**TASK OBJECTIVE**
Return the full listing character for character, without its pictures.

**DATASET EXCERPT**
++++++++
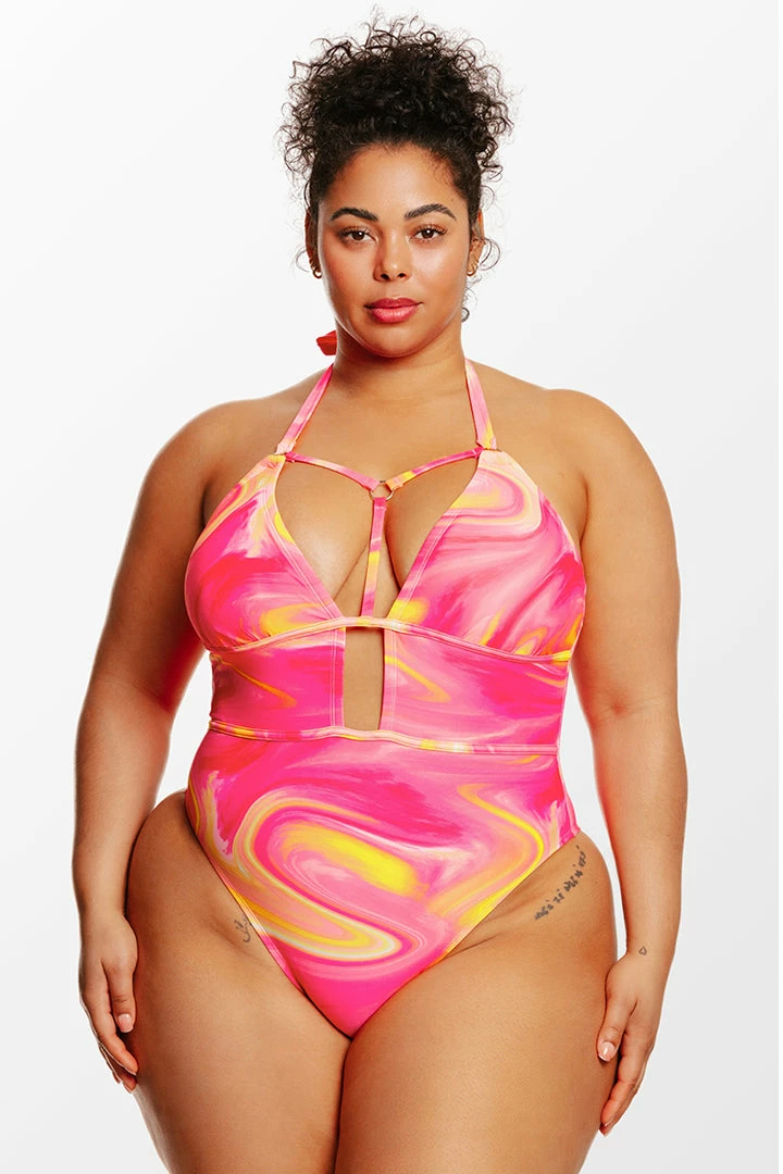 The summer just got HOTTER with this one-piece swimsuit. With its chic swirl print, strappy design, plunge neckline, and high-leg cut, youโll for sure cause the next heatwave.ย
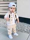 SHEIN Bộ 3 áo khoác denim gấu thường ngày mùa thu/đông cho bé trai, áo phông dài tay màu trắng, quần màu be, thích hợp cho tiệc sinh nhật, tiệc rave, tiệc tối, biểu diễn, đám cưới, tiệc chào đón em bé, lễ rửa tội và tiệc sinh nhật đầu tiên, trang phục dễ thương cho trẻ mẫu giáo
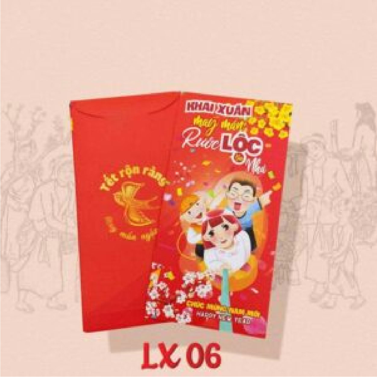 Chúng tôi có sẵn 1 mẫu bao lì xì đẹp mắt, đa dạng phong cách và họa tiết, phù hợp với nhiều sở thích và nhu cầu khác nhau. Mỗi mẫu bao lì xì đều được thiết kế với ý tưởng độc đáo, mang lại may mắn và tài lộc cho người nhận. ( 6 mẫu có sẵn đặt vị trí ép kim (Mã 2,3,4,5,7,12)
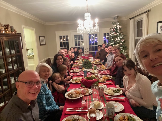 My sister hosted our annual family party on Christmas Day. This year it was dinner for 21!! Thank goodness she has a big house, complete with a “Butler’s Pantry”. There is no hired butler or cook, just us sisters, moms, grandmothers and daughters cooking up a storm. Among the delights were salmon, beef tenderloin, lentil roast, butternut squash risotto, roasted asparagus, garlic mashed potatoes, baked Mac and cheese, stuffing, green salad and rolls. It was a wonderful day.
++++++++
**ANSWER BOX**
 The summer just got HOTTER with this one-piece swimsuit. With its chic swirl print, strappy design, plunge neckline, and high-leg cut, youโll for sure cause the next heatwave.ย
 SHEIN Bộ 3 áo khoác denim gấu thường ngày mùa thu/đông cho bé trai, áo phông dài tay màu trắng, quần màu be, thích hợp cho tiệc sinh nhật, tiệc rave, tiệc tối, biểu diễn, đám cưới, tiệc chào đón em bé, lễ rửa tội và tiệc sinh nhật đầu tiên, trang phục dễ thương cho trẻ mẫu giáo
 Chúng tôi có sẵn 1 mẫu bao lì xì đẹp mắt, đa dạng phong cách và họa tiết, phù hợp với nhiều sở thích và nhu cầu khác nhau. Mỗi mẫu bao lì xì đều được thiết kế với ý tưởng độc đáo, mang lại may mắn và tài lộc cho người nhận. ( 6 mẫu có sẵn đặt vị trí ép kim (Mã 2,3,4,5,7,12)
 My sister hosted our annual family party on Christmas Day. This year it was dinner for 21!! Thank goodness she has a big house, complete with a “Butler’s Pantry”. There is no hired butler or cook, just us sisters, moms, grandmothers and daughters cooking up a storm. Among the delights were salmon, beef tenderloin, lentil roast, butternut squash risotto, roasted asparagus, garlic mashed potatoes, baked Mac and cheese, stuffing, green salad and rolls. It was a wonderful day.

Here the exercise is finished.